Download & Recover

BlitzMax Forums/BlitzMax Programming/Download & Recover

degac(Posted 2014) [#1]
Hi
I'm trying to figure out to resolve a problem.
I'm using some function to download from a site a file. It works perfectly and it's quite fast.

But I have this problem: if for some reason or error the program stops, even the download (of course) is interrupted. The file is 'broken' but saved.
I created an output file to save the 'position' of reading, so technically I know 'where' the download was interrupted.

The only problem is that SeekStream() (the function I use) doesnt' work on stream that cannot' be read, so everything start from 0.

Any ideas or solutions?

(I was thinking to use an external program like Wget that *should* support reloading from the break point - I think)


Brucey(Posted 2014) [#2]
There is a header you can pass to the server that will ask it to resume the file from a certain point.
Not sure how you go about setting up everything manually, but libcurl has built-in support for doing stuff like this.
Also, your server needs to support it too, or it won't work anyway.


degac(Posted 2014) [#3]
Ok, so I will focus on libcurl... thanks.
So recover depends on the server side? The server are not mine in any case.


degac(Posted 2014) [#4]
Ok, I found a solution!
It uses Lib_Curl (thanks to Brucey mod)
After some internet research I discovered how to recover an interrupted download.


I tested it with small files (300-500 Kb) because here my connection is capped to 100 MB/day... I will test with BIGGER files (maybe some ISO!) to check it everything works.

I presume FileSize handle big size file....


Derron(Posted 2014) [#5]
It does not matter what download program you use:

server A has a file
client B wants the file

B requests the file from A, no "startPosition" requested: A sends from position 0.
If B pauses the download, or crashes or whatever it just has to request the file from B again but this time he could alter the position.
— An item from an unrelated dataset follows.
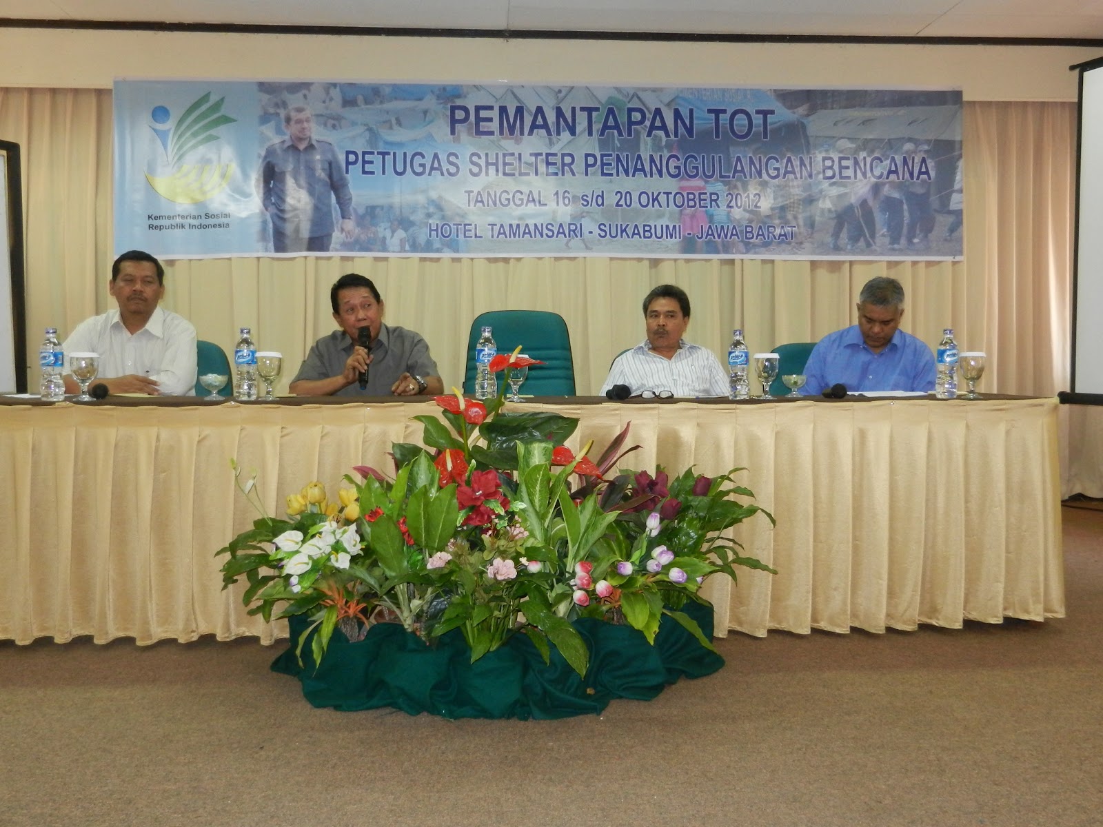 Acara pembukaan oleh Dirjen Perlinjamsos diwakili Direktur PSKBS, Prof.Dr.Syahabuddin, karena pada saat yang bersamaan Bapak Dirjen dan Direktur PSKBA sedang menghadiri Pembukaan KSB (Kampung Siaga Bencana) di Palembang-Sumatera Selatan,.

If A "understands" what B requests, you will just receive the "rest" of the file.


Server side you would do something in the lines of the following snippet (coming straight from my downloadscript I use to track files while using canonical urls mydomain.de/file/filexyz.zip)
		//check if http_range is sent by browser (or download manager)
		if(isset($_SERVER['HTTP_RANGE'])) {
			list($sizeUnit, $rangeOriginal) = explode('=', $_SERVER['HTTP_RANGE'], 2);
			if ($sizeUnit == 'bytes') {
				list($range, $extraRanges) = explode(',', $rangeOriginal, 2);
			}else{
				$range = '';
				header('HTTP/1.1 416 Requested Range Not Satisfiable');
				exit;
			}
		}else{
			$range = '';
		}

		//figure out download piece from range (if set)
		list($seekStart, $seekEnd) = explode('-', $range, 2);

		//set start and end based on range (if set), else set defaults
		//also check for invalid ranges.
		$seekEnd   = (empty($seekEnd)) ? ($fileSize - 1) : min(abs(intval($seekEnd)),($fileSize - 1));
		$seekStart = (empty($seekStart) || $seekEnd < abs(intval($seekStart))) ? 0 : max(abs(intval($seekStart)),0);

		//Only send partial content header if downloading a piece of the file (IE workaround)
		if( $seekStart > 0 || $seekEnd < ($fileSize - 1) ) {
			header('HTTP/1.1 206 Partial Content');
			header('Content-Range: bytes '.$seekStart.'-'.$seekEnd.'/'.$fileSize);
			header('Content-Length: '.($seekEnd - $seekStart + 1));
		}else
			header("Content-Length: $fileSize");

		header('Accept-Ranges: bytes');

		fseek($fileHandler, $seekStart);



So what you might see there: your request to the server needs to contain the field "HTTP_RANGE" which sets what you want from a file/request.


bye
Ron


degac(Posted 2014) [#6]
Hi
I know there are 'negotiations header', but it seems that LibCurl handles it automatically (of course the server MUST accept & support resume download).
On my site this is true (without changes by me).
I will test on other website.

Of course if the server doesn't handle this, there's very little to do than re-download the file.

Bye


Derron(Posted 2014) [#7]
That handling is of course done by the "server" (apache2, nginx, ...).

But as soon as you route your files through scripts (eg. they dynamically inject affiliate-code, code to identify a specific user), you have to include a snippet like the above in that scripts code.


bye
Ron


degac(Posted 2014) [#8]
Oh, yes, thank's your script is very useful for this.

But my idea is to create a 'general download manager' in BlitzMax, so I have no idea from 'where' the files are downloaded (ie:BlitzBasic.com or xyz.com, google.com, adobe.com etc)
If the server support resume, good, otherwise - at this point - I will force a redownload.

Thanks to all!


Brucey(Posted 2014) [#9]
general download manager

How general? Over HTTP is easy. FTP gets a bit more difficult. HTTPS and SFTP you'll need to use the libcurlssl module - which includes support for certificates, etc.


degac(Posted 2014) [#10]
with 'general' I mean not locked to my website.
And I dont' want to touch FTP things or HTTPS if possible!